By Elias Savada.
The breakneck parade of Hollywood celebrities seems endless in Peter Bogdanovich’s love letter to silent film comedian Buster Keaton. It feels like Friends, Romans, and Countrymen are marching before the camera to recount the influences galore that the great actor and filmmaker has had on their lives. Keaton, star of such silent feature classics as Sherlock, Jr., The General, and The Navigator in the mid-1920s (all on AFI’s 100 Greatest Comedies list) has his life and (nicely restored) films unraveled in The Great Buster: A Celebration, piecing together a furious array of appearances that proclaim the genius of one of the greatest film comedians that ever was. Yes, it’s an extended (and always deserved) homage reel, with clips from what seems like every film he made, showcasing a life and career that truly merits such acclaim.
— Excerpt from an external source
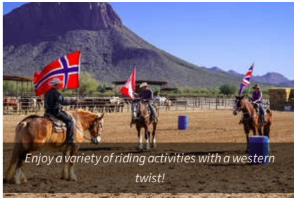
Enjoy a variety of riding activities with a western twist!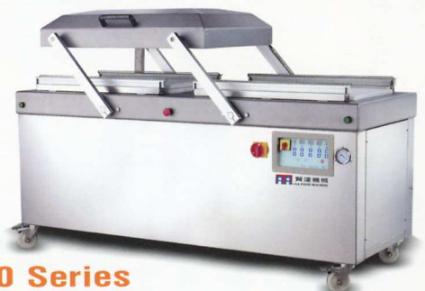
CE AA-1000 Series 雙槽式真空封口包裝機 DOUBLE CHAMBERS AUTOMATIC VACUUM SEALING MACHINE

Cinephiles might find this 102-minute Cohen Media Group release a too-short compression of “The Great Stone Face,” as Keaton was known, best known for his physical comedy and deadpan expressions. But the documentary does seem to dot every “i” and cross every “t” for the masses unfamiliar with his work. Parents should consider bringing young children to screenings, to laugh at good old-fashioned humor rather than the dumbed-down flatulence-laden films that pass for comedies these days. Couple it with whatever can be found streaming (Amazon Prime currently offers many of his films, including the 1928 feature Steamboat Bill Jr.) and you might inspire tomorrow’s filmmaker. Most of the pre-1923 works are online because the original versions are in the public domain.
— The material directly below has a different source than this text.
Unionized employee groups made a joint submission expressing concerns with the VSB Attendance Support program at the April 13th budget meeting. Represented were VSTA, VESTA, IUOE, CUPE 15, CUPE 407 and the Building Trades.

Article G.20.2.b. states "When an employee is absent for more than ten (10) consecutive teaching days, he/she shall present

I mention the distributor of the film, a company owned by Charles Cohen (raised in my home town of Harrison, New York), because in 2011 it acquired 19 of Buster’s short films and 10 of his features from the estate of Raymond Rohauer, a film collector with questionable ethical philosophies. Rohauer befriended Keaton in the mid-1950s and wrangled rights to most of the comedian’s output in the 1920-28 period. According to Bogdanovich, “Because Keaton never again regained the independence and freedom that he had in those years, almost all of his subsequent work is disappointing and not up to the standard he set in the ’20s. As a result, I decided to celebrate Buster and not complain too much about the injustices he endured after his golden decade.”
So this tribute by film fan Bogdanovich, best known for such 1970s classics as The Last Picture Show and Paper Moon, saves the best for last. He provides adequate attention to Buster’s early vaudeville career in a family act, when he was a beanbag being tossed about the stage by his parents, to a discovery by another comic actor, Roscoe “Fatty” Arbuckle” in 1917, and the revelatory two-reel films he made from 1920-1923. These, and the silent-era features he made, account for the third act in an entertaining memory of one of yesteryear’s finest filmmakers.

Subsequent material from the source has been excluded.